LtCdr Wogan starts a submerged approach and at 1801 fires two Mk. 14-3A torpedoes from stern tubes in 33-30N, 144-40E; both miss, probably because the lookouts on RO-105 spot the smoking torpedoes in calm sea. The submarine manages to make a sharp turn and then passes fairly close of her attacker, putting on speed and zigzagging radically.

20 August 1943:
Reassigned to SubDiv 51 under Captain (Rear Admiral, posthumously) Kato Ryonosuke.

23 August 1943:
Arrives at Rabaul.

2 September 1943:
Departs Rabaul on her second war patrol to patrol S of San Cristobal Island, Solomons.

24 September 1943:
On her way back to base, RO-105 rescues several IJNAF pilots downed in air battles two days earlier.

25 September 1943: The Evacuation of Kolombangara, Guadalcanal:
The Japanese begin the evacuation of the garrison on Kolombangara by assualt boats and barges. Eleven destroyers under Rear Admiral (Vice Admiral, posthumously), the Baron, Ijuin Matsui (former CO of KONGO) cover the evacuation of Kolombangara with RO-105 and RO-109. During these operations one of the submarines fires torpedoes at USS COLUMBIA (CL-56), but misses.

That same day, RO-105 returns to Rabaul.

7 October 1943:
Rear Admiral Ijuin completes the evacuation of Kolombangara and successfully evacuates about 9,400 troops.
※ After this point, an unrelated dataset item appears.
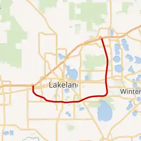 The Polk Parkway begins at Interstate 4 near the Hillsborough-Polk County line west of Lakeland.[5] Until reaching Harden Boulevard (exit 5), the Polk Parkway passes through mostly undeveloped land.[6] Just east of Airport Road (exit 3), the highway passes a large building with a green glass facade, which is the corporate headquarters for Publix Supermarkets.[7][8] Before reaching exit 4, the highway runs a half mile northeast of Lakeland Linder International Airport—a large general aviation airport—passing beneath the path of air traffic on Runway 5/23.[9] Between Harden Boulevard (exit 5) and South Florida Avenue (exit 7), the Polk Parkway was built along the alignment of Drane Field Road, which is now truncated at Harden Boulevard and continues to South Florida Avenue as frontage roads along the Polk Parkway. The first mainline toll plaza is located between South Florida Avenue and Lakeland Highlands Road.[5] The eastbound exit and westbound entrance at SR 540 (exit 14) are located at the Central Toll Plaza.[5][10] After crossing De Castro Road, the Polk Parkway curves to the north, passing the only operating landfill in Polk County.[11][12] Along the curve is the westbound exit and eastbound entrance of the SR 540 junction, which is the location of the planned interchange with the future Central Polk Parkway.[13] The Polk Parkway continues north for the remainder of its length.[5] A 4 mi (6.4 km) segment between Old Dixie Highway and Pace Road is a two-lane highway; the only overpass along this segment was built to accommodate a second carriageway west of the current highway.[14] About midway between Old Dixie Highway and Pace Road is the Eastern Toll Plaza.[5] The Pace Road interchange collects tolls with SunPass only and was added to the highway in 2011 to provide access to Florida Polytechnic University, located on the southwest corner of the I-4/Polk Parkway interchange.[5][15]

RO-105 departs Rabaul on a supply run to Sarmi (aka Sulumi), New Guinea.

9 October 1943:
Arrives at Sarmi, unloads her cargo, then departs.

11 October 1943:
Returns to Rabaul.

12 October 1943:American Air Raid on Rabaul:
At Rabaul. LtGen (later Gen) George C. Kenney's 5th Air Force hits Rabaul with the biggest raid made up to then in the Pacific war. 349 aircraft, including 87 B-17 and B-24 bombers, 114 B-25 strafers, 12 RAAF "Beaufighters" and 125 P-38 "Lightning" fighters and others from New Guinea and Australia hit Rabaul's airfields and its Simpson harbor.
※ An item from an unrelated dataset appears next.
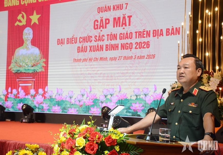 Sau khi thông tin tình hình, truyền thống, kết quả thực hiện nhiệm vụ của Quân khu thời gian qua, phát biểu tại buổi gặp mặt, Trung tướng Trần Vinh Ngọc, Bí thư Đảng ủy, Chính ủy Quân khu 7 nhấn mạnh: “Những kết quả đạt được trong năm qua là minh chứng sinh động cho tinh thần đoàn kết, gắn bó giữa lực lượng vũ trang Quân khu với các tổ chức tôn giáo. Đồng bào các tổ chức tôn giáo không chỉ tích cực tham gia phát triển kinh tế - xã hội mà còn cùng với Quân khu giữ vững ổn định chính trị, trật tự an toàn xã hội trên địa bàn, xây dựng thế trận lòng dân vững chắc”.

RO-105, RO-108, I-36, I-38, I-176 and I-177 are moored in deep water. USAAF and RAAF aircraft bomb the harbor. When the attack begins, most of the submarines submerge to safety. RO-105 receives slight damage caused by near misses.

14 October 1943:
Departs Rabaul on her second supply run to Sarmi.

16 October 1943:
Arrives at Sarmi, unloads her cargo, then departs.

18 October 1943:
Returns to Rabaul.

22 October 1943:
Departs Rabaul to intercept an enemy task force.

24 October 1943:
Returns to Rabaul.

27 October 1943:
Departs Rabaul on her third war patrol off Mono Island.

2 November 1943: The Battle of Empress Augusta Bay: The Japanese force is intercepted by Rear Admiral (later Vice Admiral) Aaron S. Merrill's (former CO of INDIANA, BB-58) Task Force 39's radar-equipped CruDiv 12's USS CLEVELAND (CL-55), COLUMBIA (CL-56), MONTPELIER (CL-57) and DENVER (CL-58). Captain (later Admiral/CNO) Arleigh Burke's destroyers USS STANLY (DD-478), CHARLES F. AUSBURNE (DD-570), CLAXTON (DD-571) and DYSON (DD-572) and Cdr B. L Austin's destroyers USS CONVERSE (DD-509), FOOTE (DD-511), SPENCE (DD-512) and THATCHER (DD-514).

At 0050, all four of Merrill's cruisers take SENDAI under 6-inch fire and set her afire. She soon sinks with most of her crew. While avoiding the American fire, SAMIDARE collides with SHIRATSUYU and MYOKO collides with destroyer HATSUKAZE. HAGURO receives minor damage in the action.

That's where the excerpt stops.